L'eccidio di Cravasco[1][2], avvenuto alle 4 del mattino[3] del 23 marzo 1945, vide l'uccisione di 17 detenuti politici a Cravasco, come rappresaglia per l'uccisione, in quella località, di nove tedeschi in uno scontro con la brigata Balilla.

Il 22 marzo 1945, un gruppo di una decina di partigiani della brigata Balilla di Angelo Scala uccise in un'imboscata nove soldati tedeschi. In risposta a questo atto, fu ordinata dal comando nazista una rappresaglia. Furono prelevati dal carcere di Marassi venti prigionieri politici, cinque dei quali ricoverati in infermeria. I prigionieri furono portati a Isoverde, località nel comune di Campomorone. Durante il tragitto due dei catturati riuscirono a fuggire. I rimanenti furono condotti a piedi fino a Cravasco, dove vennero fucilati nei pressi del cimitero. Uno di loro, Arrigo Diodati, pur se colpito, si salvò.
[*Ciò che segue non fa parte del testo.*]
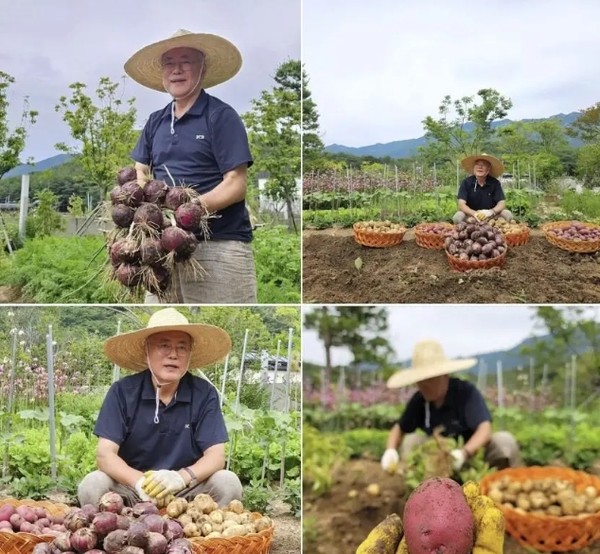 ·2024年6月17日,文在寅在脸书晒出自己种的洋葱和土豆。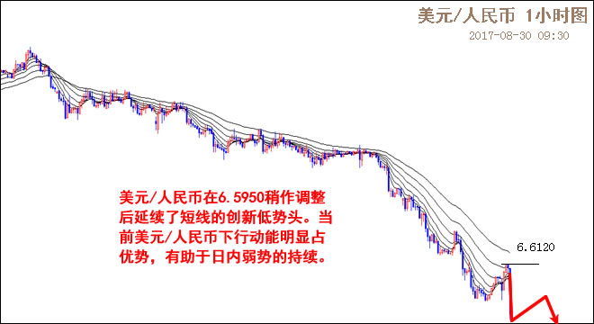 美元/人民币中期和短线方向均为向下,美元/人民币今天早盘延续了短线的创新低势头,日内下跌趋势不变。
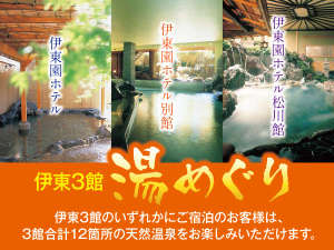 伊東温泉3館湯めぐり(本館・松川館・別館)3つのホテルの温泉を満喫1泊2食付きバイキングプラン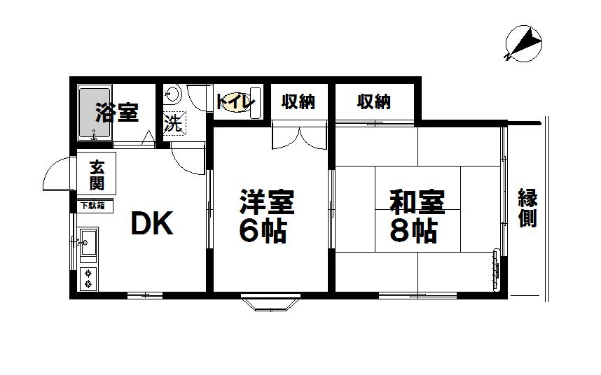 間取写真 和室8帖 収納(和室8) 洋室6帖 収納(洋室6) ☆出窓☆(洋室6) DK5 キッチン 洗面+洗濯機置場 トイレ 浴室 下駄箱 縁側♪♪ ※ クリックすると拡大した画像が表示されます。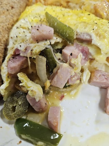 The three egg omelet comes with a list of ingredients you can choose from. Make it huge.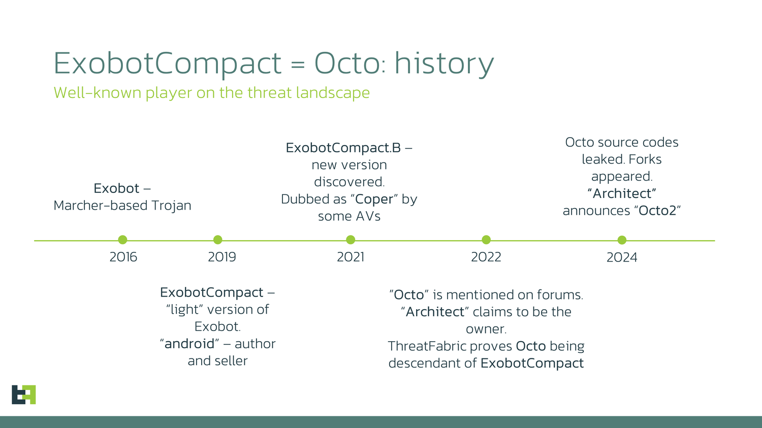 Octo представляет собой Android-троян для банковских систем, эволюционировавший из ExoCompact (2019-2021), который, в свою очередь, базировался на трояне ExoBot, запущенном в 2016 году. Исходный код ExoBot был слит в сеть летом 2018 года.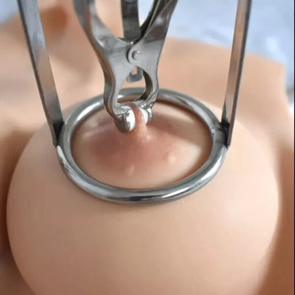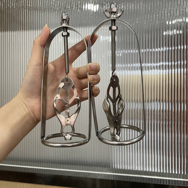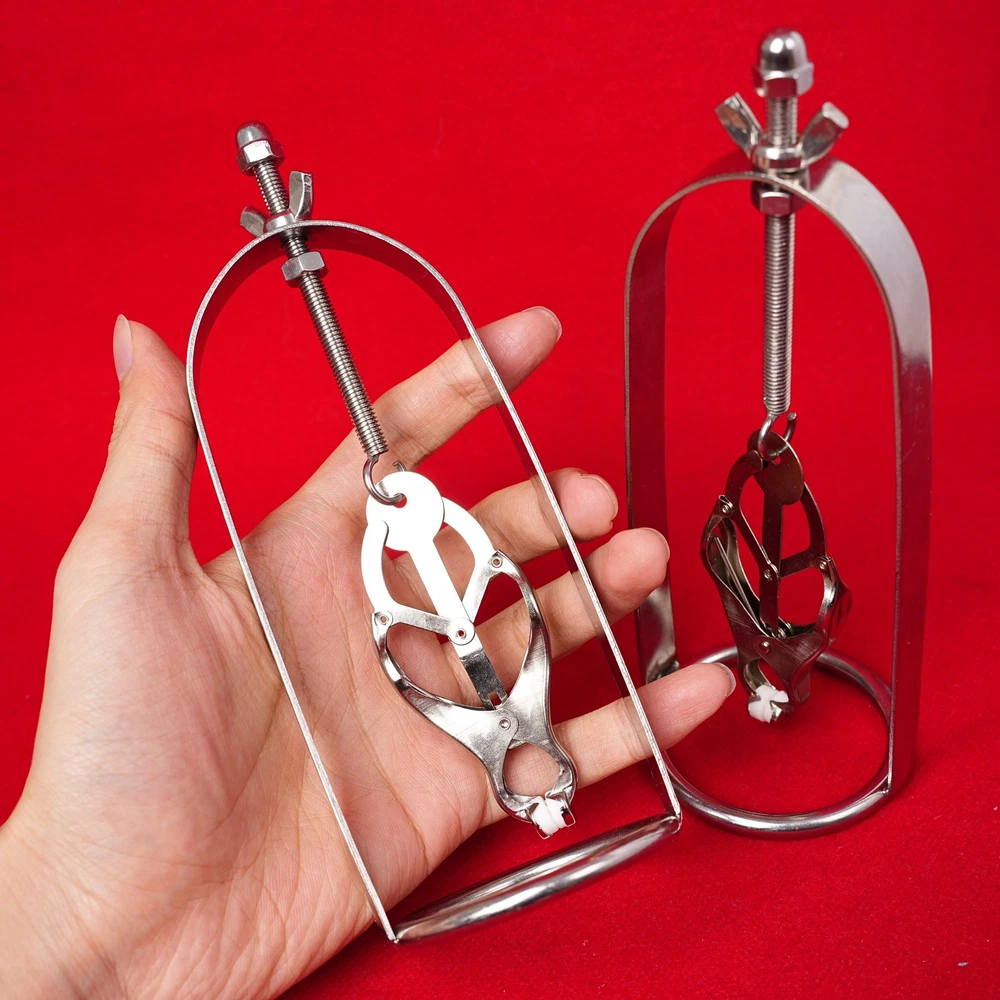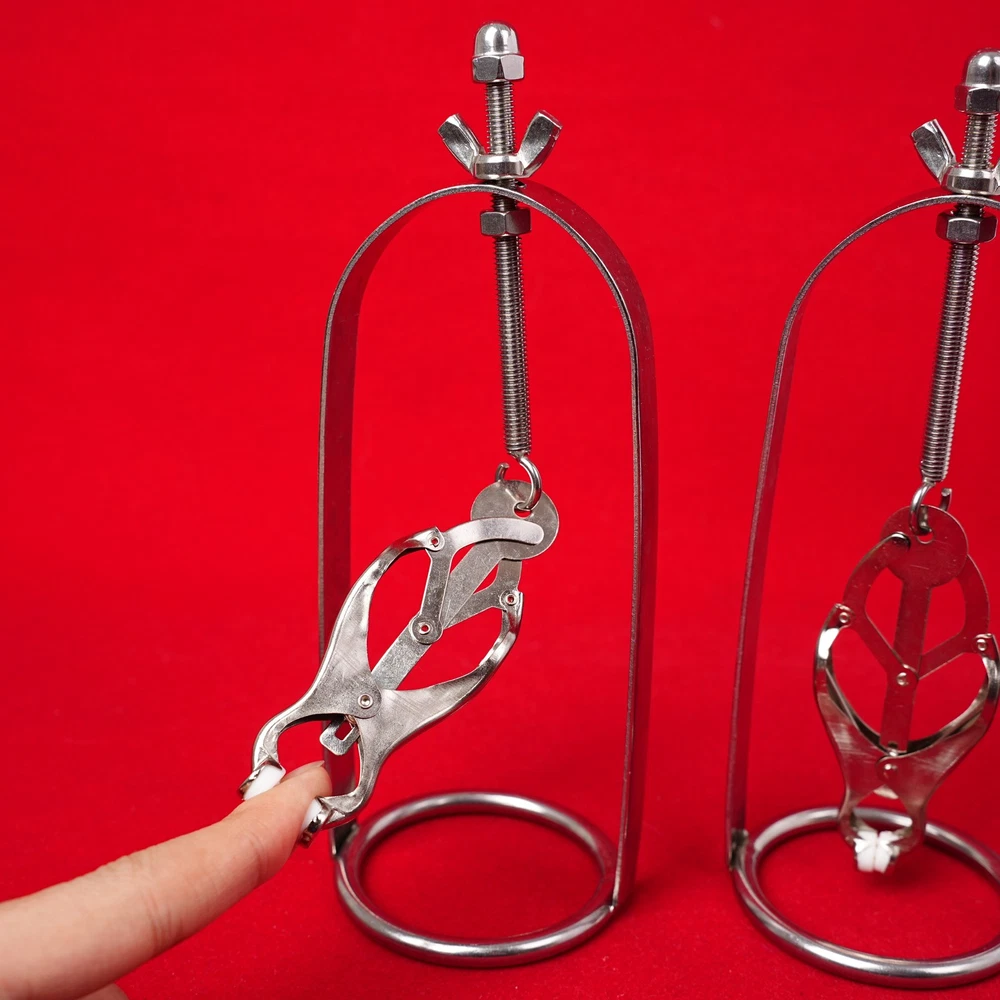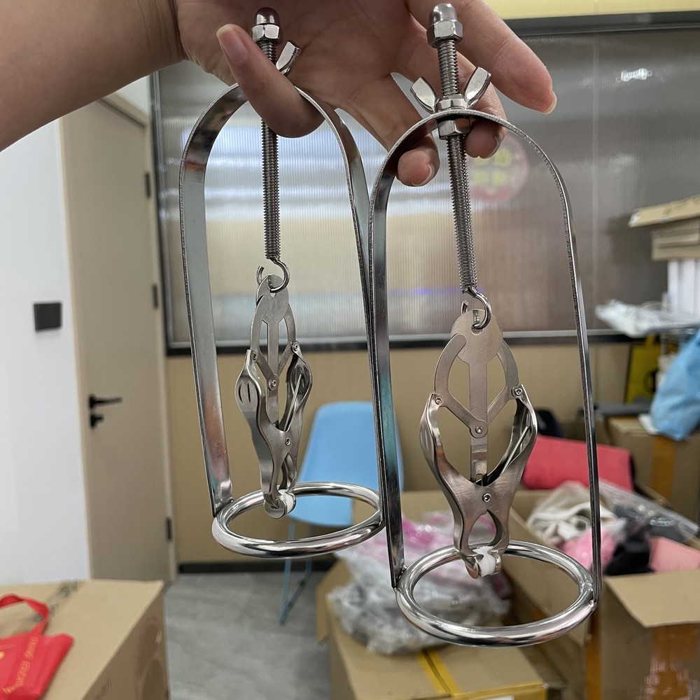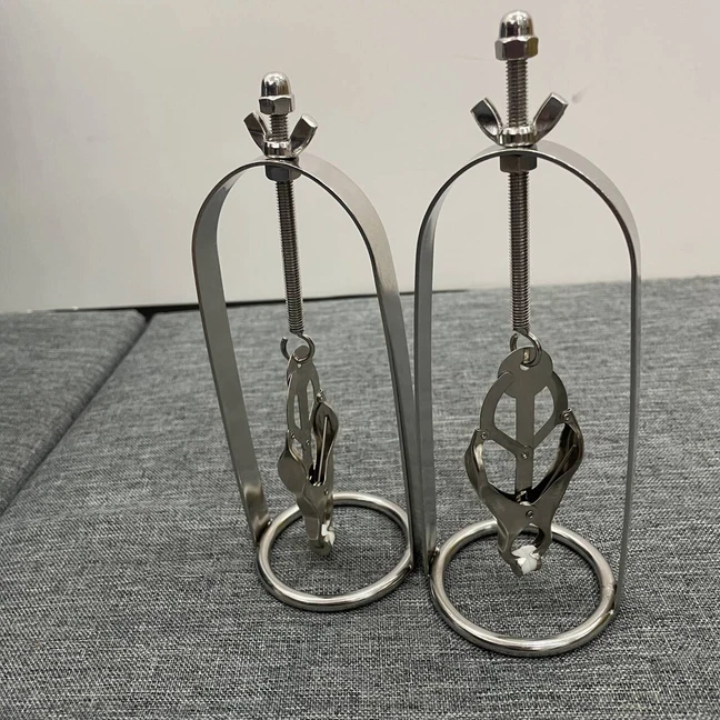Discrete Package D escription: This protraction device is designed to clamp down on and then gradually stretch out the nipple. Comprised of a stainless steel frame supporting a dangling clover clamp, it is designed to grip tighter the further the nipple is stretched. Just affix the clamp just behind the nipple, and twist on the wing nut. As the clamp is pulled upwards, the grip is increased, stretching the nipple out. This unique piece can be used by both men and women, and is sure to guarantee the most intense nipple sensation. Measurements: Frame measures 2.10 inches in diameter, 6.5 inches in length; extractor extends to a top length of 2.5 inches Material: Stainless steel Color: sliver Note: Includes one pair devices Will Be Ship ped In A Discrete Package

Il 5 novembre 1999 venne condannato all'ergastolo dal tribunale militare di Torino il tenente colonnello (Obersturmbannführer) delle SS Siegfried Engel, all'epoca dei fatti Comandante della Polizia di Sicurezza, che diede l'ordine di fucilazione.

Le vittime furono:

  • Oscar Antibo (Lauri), 37 anni, nato a Savona, intendente della Divisione Garibaldina "Bevilacqua", operaio della "Ferrania", militante comunista. Catturato in un'imboscata dai militi della divisione fascista San Marco il 24 settembre 1944 (ferito al braccio, gli verrà amputato in ospedale).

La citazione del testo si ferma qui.